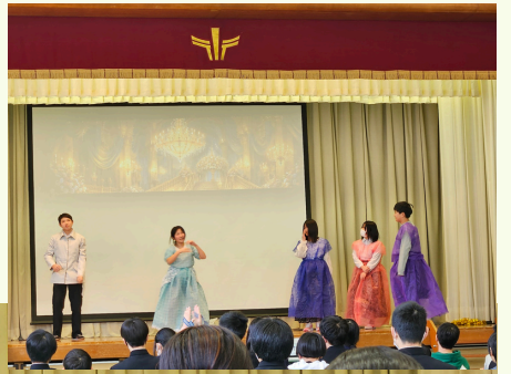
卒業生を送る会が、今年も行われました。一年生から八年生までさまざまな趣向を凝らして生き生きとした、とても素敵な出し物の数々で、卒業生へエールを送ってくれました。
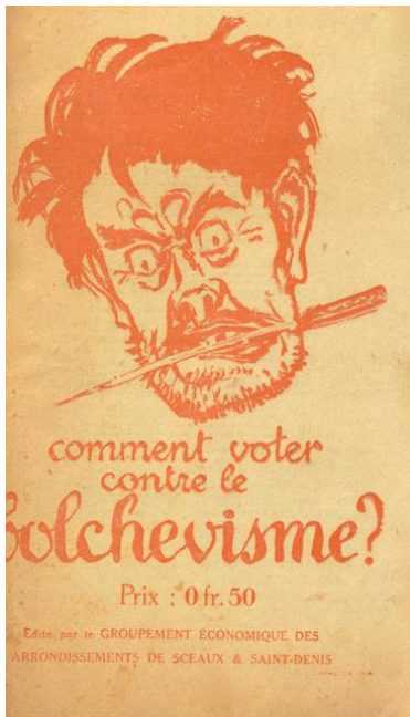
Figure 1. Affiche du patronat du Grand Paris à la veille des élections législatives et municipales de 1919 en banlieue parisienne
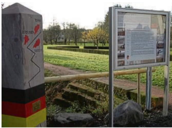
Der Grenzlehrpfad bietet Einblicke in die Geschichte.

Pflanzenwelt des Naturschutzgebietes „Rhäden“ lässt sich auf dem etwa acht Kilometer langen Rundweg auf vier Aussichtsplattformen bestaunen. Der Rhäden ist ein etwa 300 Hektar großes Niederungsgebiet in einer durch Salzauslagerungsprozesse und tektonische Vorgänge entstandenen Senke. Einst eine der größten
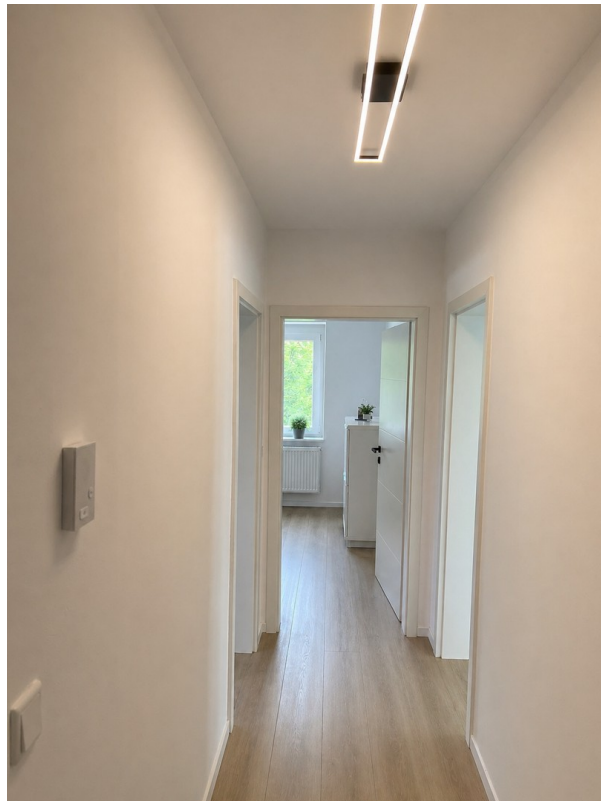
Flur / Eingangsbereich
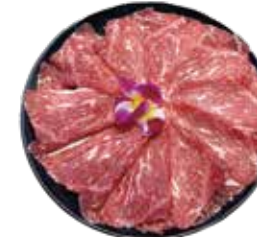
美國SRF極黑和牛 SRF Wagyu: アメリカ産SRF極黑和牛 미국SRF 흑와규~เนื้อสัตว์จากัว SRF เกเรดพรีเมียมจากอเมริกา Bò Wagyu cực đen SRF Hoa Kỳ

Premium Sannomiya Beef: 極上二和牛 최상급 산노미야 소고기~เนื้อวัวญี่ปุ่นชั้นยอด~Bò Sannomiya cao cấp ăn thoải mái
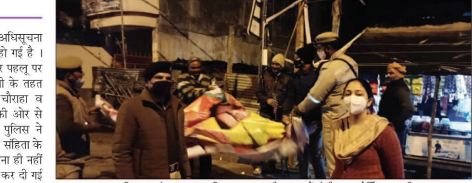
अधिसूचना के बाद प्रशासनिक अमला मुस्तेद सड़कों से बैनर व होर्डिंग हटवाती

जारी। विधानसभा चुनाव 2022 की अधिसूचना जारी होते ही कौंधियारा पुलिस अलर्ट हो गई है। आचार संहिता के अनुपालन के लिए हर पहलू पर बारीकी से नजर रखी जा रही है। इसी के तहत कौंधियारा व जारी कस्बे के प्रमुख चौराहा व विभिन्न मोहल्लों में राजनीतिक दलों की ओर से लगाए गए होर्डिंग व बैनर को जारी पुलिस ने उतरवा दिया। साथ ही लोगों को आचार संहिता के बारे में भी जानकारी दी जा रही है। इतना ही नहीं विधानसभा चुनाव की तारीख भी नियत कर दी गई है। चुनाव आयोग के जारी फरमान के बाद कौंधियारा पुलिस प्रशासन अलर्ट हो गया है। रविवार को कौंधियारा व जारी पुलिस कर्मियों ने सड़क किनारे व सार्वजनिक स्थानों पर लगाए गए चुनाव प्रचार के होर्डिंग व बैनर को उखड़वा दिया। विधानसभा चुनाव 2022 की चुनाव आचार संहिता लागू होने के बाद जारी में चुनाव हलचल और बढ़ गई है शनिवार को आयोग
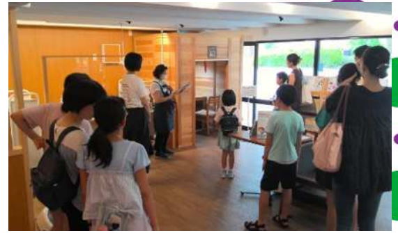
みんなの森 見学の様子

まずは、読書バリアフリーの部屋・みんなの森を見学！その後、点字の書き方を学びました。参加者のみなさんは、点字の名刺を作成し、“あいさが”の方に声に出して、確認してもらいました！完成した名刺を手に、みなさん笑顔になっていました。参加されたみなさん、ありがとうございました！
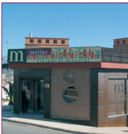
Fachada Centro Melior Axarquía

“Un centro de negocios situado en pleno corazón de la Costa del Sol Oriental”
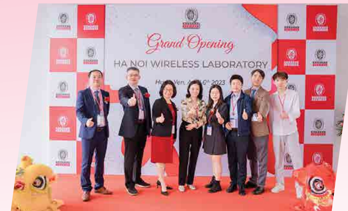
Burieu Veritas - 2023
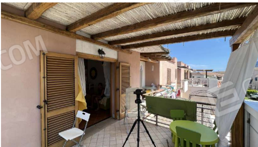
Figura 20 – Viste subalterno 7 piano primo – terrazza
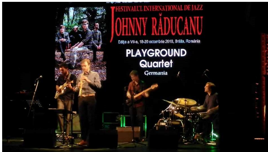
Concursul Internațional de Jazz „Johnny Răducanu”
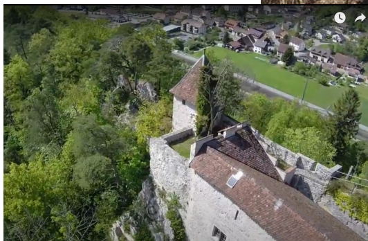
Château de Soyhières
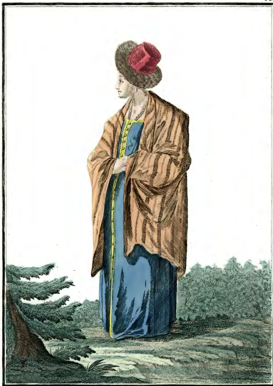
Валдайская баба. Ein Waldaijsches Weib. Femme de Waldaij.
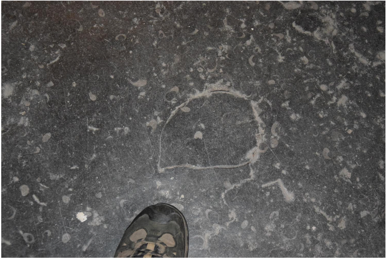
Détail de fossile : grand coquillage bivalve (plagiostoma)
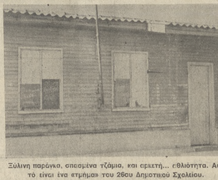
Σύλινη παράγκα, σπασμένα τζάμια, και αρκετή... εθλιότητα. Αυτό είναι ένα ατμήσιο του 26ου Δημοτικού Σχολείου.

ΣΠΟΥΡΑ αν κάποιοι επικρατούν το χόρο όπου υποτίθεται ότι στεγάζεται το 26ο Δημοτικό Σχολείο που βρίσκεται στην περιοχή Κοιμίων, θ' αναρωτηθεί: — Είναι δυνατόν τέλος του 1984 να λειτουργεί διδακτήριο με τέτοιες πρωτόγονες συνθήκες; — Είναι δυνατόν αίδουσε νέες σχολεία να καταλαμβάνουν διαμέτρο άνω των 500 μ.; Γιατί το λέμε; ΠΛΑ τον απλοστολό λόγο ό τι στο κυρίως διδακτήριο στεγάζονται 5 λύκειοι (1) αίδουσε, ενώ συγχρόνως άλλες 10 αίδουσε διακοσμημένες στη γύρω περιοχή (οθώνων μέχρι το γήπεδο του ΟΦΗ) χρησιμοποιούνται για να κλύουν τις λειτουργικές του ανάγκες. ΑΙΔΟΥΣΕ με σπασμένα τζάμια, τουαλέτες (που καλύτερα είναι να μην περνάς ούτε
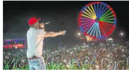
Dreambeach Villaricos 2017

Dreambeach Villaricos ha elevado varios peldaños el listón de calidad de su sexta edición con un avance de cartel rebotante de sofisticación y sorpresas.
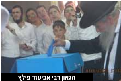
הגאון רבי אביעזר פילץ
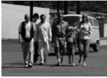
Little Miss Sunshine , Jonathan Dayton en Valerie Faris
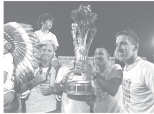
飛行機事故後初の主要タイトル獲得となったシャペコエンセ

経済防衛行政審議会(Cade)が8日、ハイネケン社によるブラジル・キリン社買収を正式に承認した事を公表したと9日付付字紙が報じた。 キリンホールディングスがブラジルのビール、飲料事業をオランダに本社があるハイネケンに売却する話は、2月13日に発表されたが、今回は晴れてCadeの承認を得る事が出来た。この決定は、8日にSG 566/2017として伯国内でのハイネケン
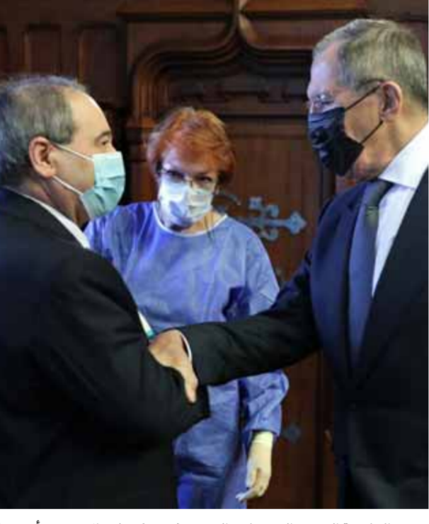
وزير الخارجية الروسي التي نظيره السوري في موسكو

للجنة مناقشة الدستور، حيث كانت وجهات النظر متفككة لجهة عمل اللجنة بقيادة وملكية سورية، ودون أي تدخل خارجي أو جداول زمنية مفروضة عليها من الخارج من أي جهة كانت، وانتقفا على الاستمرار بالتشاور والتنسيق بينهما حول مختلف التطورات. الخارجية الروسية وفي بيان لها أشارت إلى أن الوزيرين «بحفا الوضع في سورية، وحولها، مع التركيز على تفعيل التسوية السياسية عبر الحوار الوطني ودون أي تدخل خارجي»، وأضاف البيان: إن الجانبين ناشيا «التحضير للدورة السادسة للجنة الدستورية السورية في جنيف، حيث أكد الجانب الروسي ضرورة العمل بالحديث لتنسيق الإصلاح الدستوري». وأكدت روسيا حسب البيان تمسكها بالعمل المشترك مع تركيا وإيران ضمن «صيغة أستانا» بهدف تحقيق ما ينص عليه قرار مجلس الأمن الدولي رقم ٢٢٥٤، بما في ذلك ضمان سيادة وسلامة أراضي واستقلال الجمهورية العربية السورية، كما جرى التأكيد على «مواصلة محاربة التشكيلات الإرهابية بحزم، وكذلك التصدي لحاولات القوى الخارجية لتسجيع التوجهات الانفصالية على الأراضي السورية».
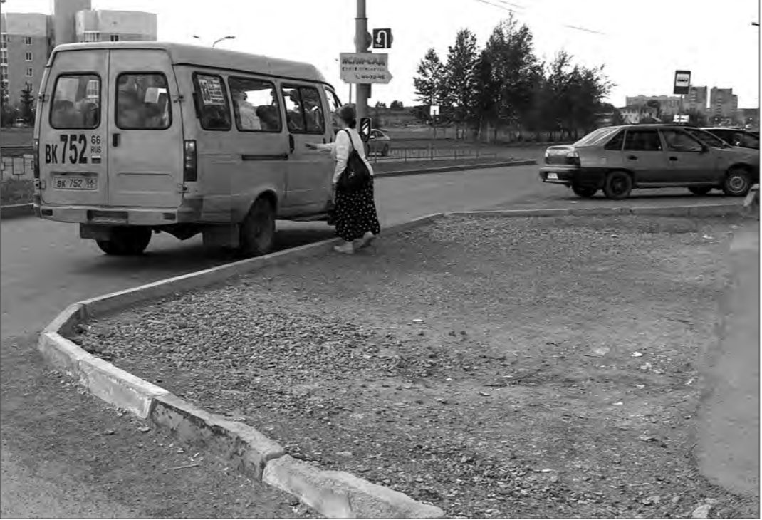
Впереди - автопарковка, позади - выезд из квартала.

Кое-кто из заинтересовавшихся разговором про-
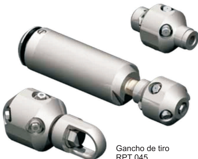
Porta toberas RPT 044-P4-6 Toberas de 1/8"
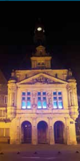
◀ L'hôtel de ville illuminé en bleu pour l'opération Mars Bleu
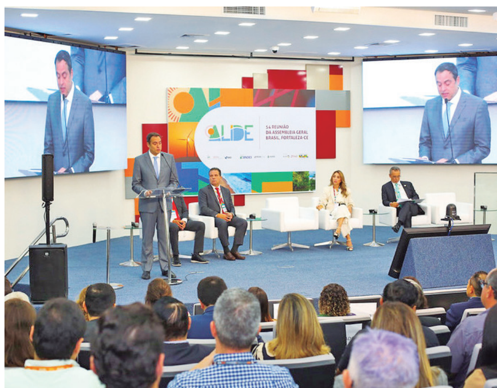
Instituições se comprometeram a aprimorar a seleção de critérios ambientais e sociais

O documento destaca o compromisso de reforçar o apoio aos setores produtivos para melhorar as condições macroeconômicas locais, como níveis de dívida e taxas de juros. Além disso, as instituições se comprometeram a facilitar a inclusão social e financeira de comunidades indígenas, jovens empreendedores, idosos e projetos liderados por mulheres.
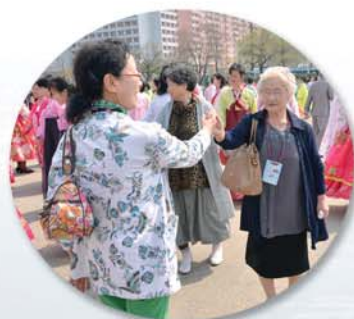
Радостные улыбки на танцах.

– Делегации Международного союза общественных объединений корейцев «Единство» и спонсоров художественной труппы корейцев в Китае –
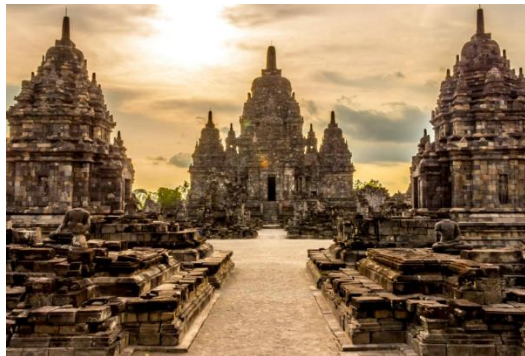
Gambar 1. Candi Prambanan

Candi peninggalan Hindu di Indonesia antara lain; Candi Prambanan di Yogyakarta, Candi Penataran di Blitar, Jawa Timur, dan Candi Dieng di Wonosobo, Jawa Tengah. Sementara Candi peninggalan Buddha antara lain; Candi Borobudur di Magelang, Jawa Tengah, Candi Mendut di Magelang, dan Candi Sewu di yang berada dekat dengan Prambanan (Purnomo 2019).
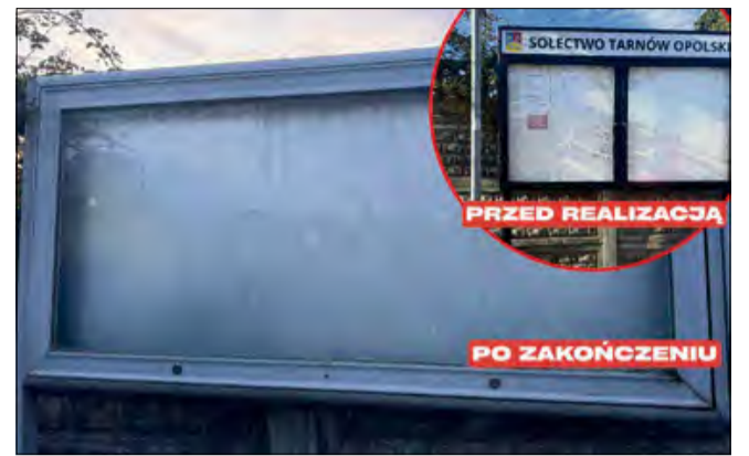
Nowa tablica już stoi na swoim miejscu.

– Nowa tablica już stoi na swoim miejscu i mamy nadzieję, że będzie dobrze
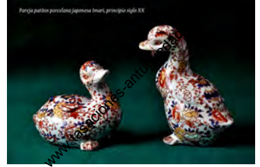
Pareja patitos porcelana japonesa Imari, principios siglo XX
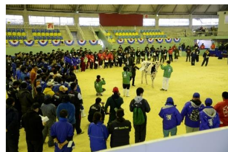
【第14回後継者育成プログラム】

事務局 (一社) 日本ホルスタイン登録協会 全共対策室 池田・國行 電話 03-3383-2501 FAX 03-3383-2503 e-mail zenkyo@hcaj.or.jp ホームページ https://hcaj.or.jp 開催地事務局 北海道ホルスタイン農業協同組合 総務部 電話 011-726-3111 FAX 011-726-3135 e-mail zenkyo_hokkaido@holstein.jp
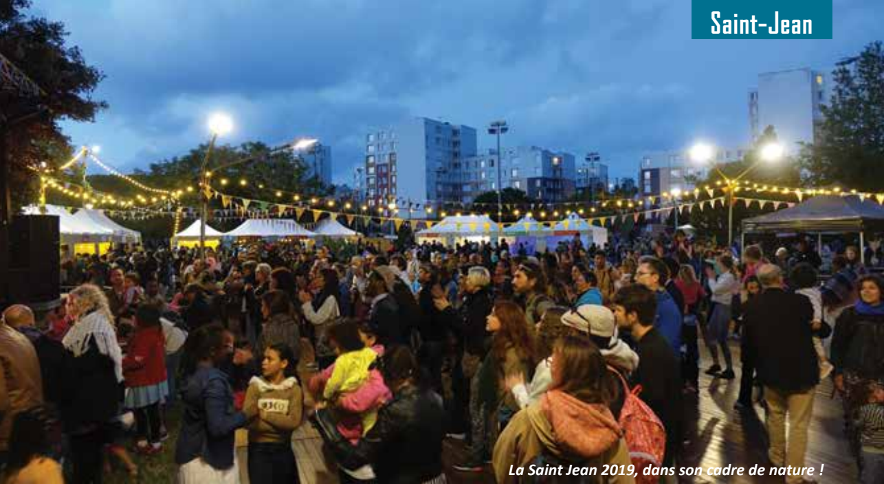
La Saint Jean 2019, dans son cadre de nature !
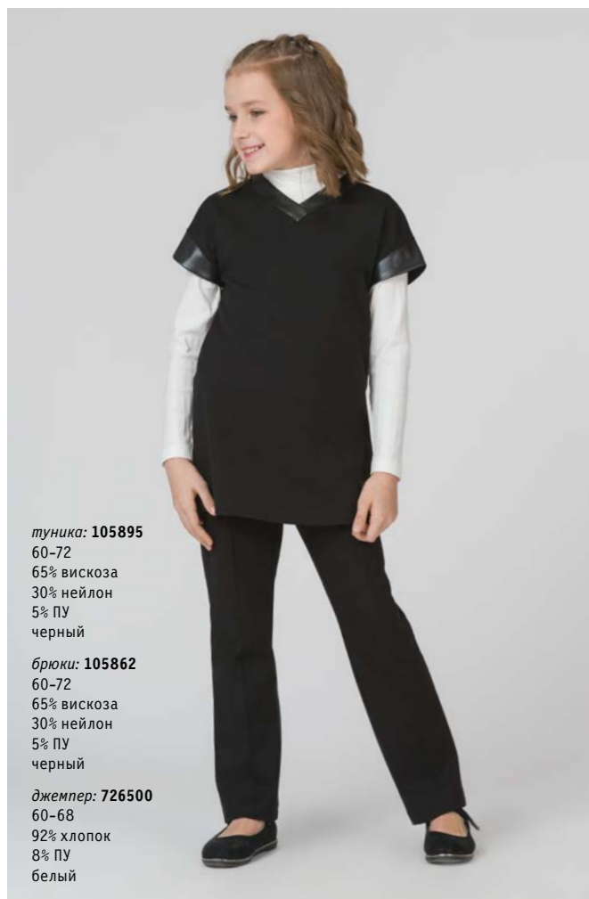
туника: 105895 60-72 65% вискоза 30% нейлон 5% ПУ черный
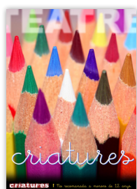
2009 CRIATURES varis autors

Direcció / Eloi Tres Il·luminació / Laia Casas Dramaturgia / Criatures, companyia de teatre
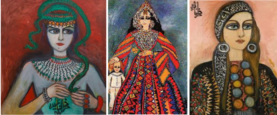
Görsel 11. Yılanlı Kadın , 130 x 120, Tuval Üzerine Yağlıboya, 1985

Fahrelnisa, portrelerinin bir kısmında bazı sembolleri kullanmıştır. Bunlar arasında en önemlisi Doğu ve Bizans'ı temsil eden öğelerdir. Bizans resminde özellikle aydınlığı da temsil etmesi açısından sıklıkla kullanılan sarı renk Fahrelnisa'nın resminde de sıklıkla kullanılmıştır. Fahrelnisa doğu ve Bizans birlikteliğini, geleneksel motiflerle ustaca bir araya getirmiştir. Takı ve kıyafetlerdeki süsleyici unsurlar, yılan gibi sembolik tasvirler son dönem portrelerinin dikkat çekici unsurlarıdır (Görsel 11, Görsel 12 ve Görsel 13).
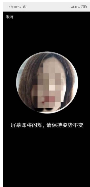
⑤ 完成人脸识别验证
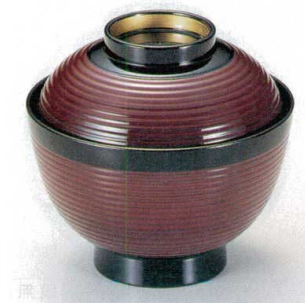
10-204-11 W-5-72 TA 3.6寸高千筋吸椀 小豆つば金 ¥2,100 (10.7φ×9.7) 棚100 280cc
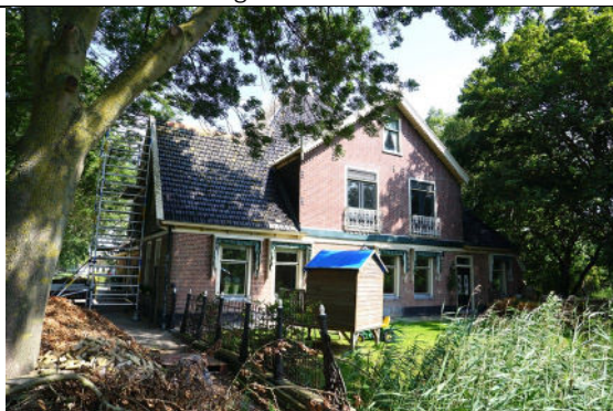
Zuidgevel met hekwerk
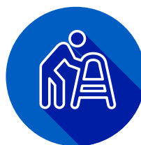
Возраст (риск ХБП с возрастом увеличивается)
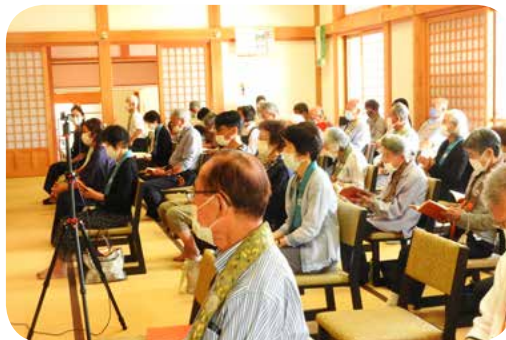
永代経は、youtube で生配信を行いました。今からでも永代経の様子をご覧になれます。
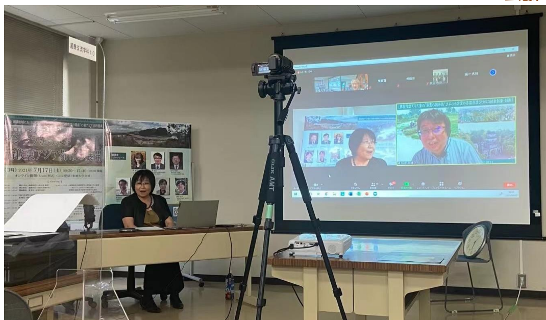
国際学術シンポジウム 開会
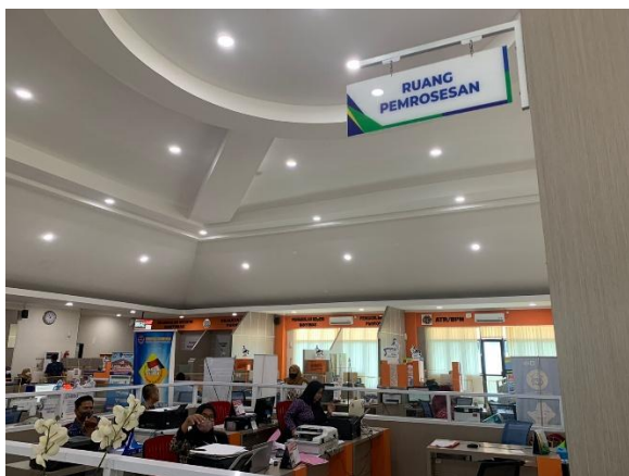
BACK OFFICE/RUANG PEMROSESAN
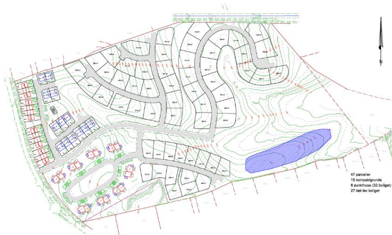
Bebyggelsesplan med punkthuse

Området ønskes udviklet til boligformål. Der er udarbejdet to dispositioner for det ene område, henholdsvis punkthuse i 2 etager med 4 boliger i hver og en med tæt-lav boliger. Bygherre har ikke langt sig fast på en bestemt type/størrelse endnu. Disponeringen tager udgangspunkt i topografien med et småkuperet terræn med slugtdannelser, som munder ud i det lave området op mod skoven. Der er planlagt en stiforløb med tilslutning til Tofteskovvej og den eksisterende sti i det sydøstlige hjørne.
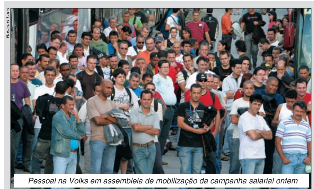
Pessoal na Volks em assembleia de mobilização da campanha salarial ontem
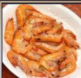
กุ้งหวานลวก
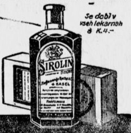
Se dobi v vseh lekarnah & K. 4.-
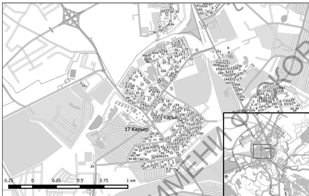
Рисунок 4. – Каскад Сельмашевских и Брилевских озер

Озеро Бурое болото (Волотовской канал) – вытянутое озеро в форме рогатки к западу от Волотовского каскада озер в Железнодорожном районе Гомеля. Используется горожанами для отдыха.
-----
__WHAT IS BEING ASKED__. Copy out nothing but the lines from the beginning of the records through the one that contains "みんなの森 見学の様子". Skip the pictures.

__SOLUTION TO THIS TASK__.
卒業生を送る会が、今年も行われました。一年生から八年生までさまざまな趣向を凝らして生き生きとした、とても素敵な出し物の数々で、卒業生へエールを送ってくれました。
Figure 1. Affiche du patronat du Grand Paris à la veille des élections législatives et municipales de 1919 en banlieue parisienne
Der Grenzlehrpfad bietet Einblicke in die Geschichte.

Pflanzenwelt des Naturschutzgebietes „Rhäden“ lässt sich auf dem etwa acht Kilometer langen Rundweg auf vier Aussichtsplattformen bestaunen. Der Rhäden ist ein etwa 300 Hektar großes Niederungsgebiet in einer durch Salzauslagerungsprozesse und tektonische Vorgänge entstandenen Senke. Einst eine der größten
Flur / Eingangsbereich
美國SRF極黑和牛 SRF Wagyu: アメリカ産SRF極黑和牛 미국SRF 흑와규~เนื้อสัตว์จากัว SRF เกเรดพรีเมียมจากอเมริกา Bò Wagyu cực đen SRF Hoa Kỳ

Premium Sannomiya Beef: 極上二和牛 최상급 산노미야 소고기~เนื้อวัวญี่ปุ่นชั้นยอด~Bò Sannomiya cao cấp ăn thoải mái
अधिसूचना के बाद प्रशासनिक अमला मुस्तेद सड़कों से बैनर व होर्डिंग हटवाती

जारी। विधानसभा चुनाव 2022 की अधिसूचना जारी होते ही कौंधियारा पुलिस अलर्ट हो गई है। आचार संहिता के अनुपालन के लिए हर पहलू पर बारीकी से नजर रखी जा रही है। इसी के तहत कौंधियारा व जारी कस्बे के प्रमुख चौराहा व विभिन्न मोहल्लों में राजनीतिक दलों की ओर से लगाए गए होर्डिंग व बैनर को जारी पुलिस ने उतरवा दिया। साथ ही लोगों को आचार संहिता के बारे में भी जानकारी दी जा रही है। इतना ही नहीं विधानसभा चुनाव की तारीख भी नियत कर दी गई है। चुनाव आयोग के जारी फरमान के बाद कौंधियारा पुलिस प्रशासन अलर्ट हो गया है। रविवार को कौंधियारा व जारी पुलिस कर्मियों ने सड़क किनारे व सार्वजनिक स्थानों पर लगाए गए चुनाव प्रचार के होर्डिंग व बैनर को उखड़वा दिया। विधानसभा चुनाव 2022 की चुनाव आचार संहिता लागू होने के बाद जारी में चुनाव हलचल और बढ़ गई है शनिवार को आयोग
みんなの森 見学の様子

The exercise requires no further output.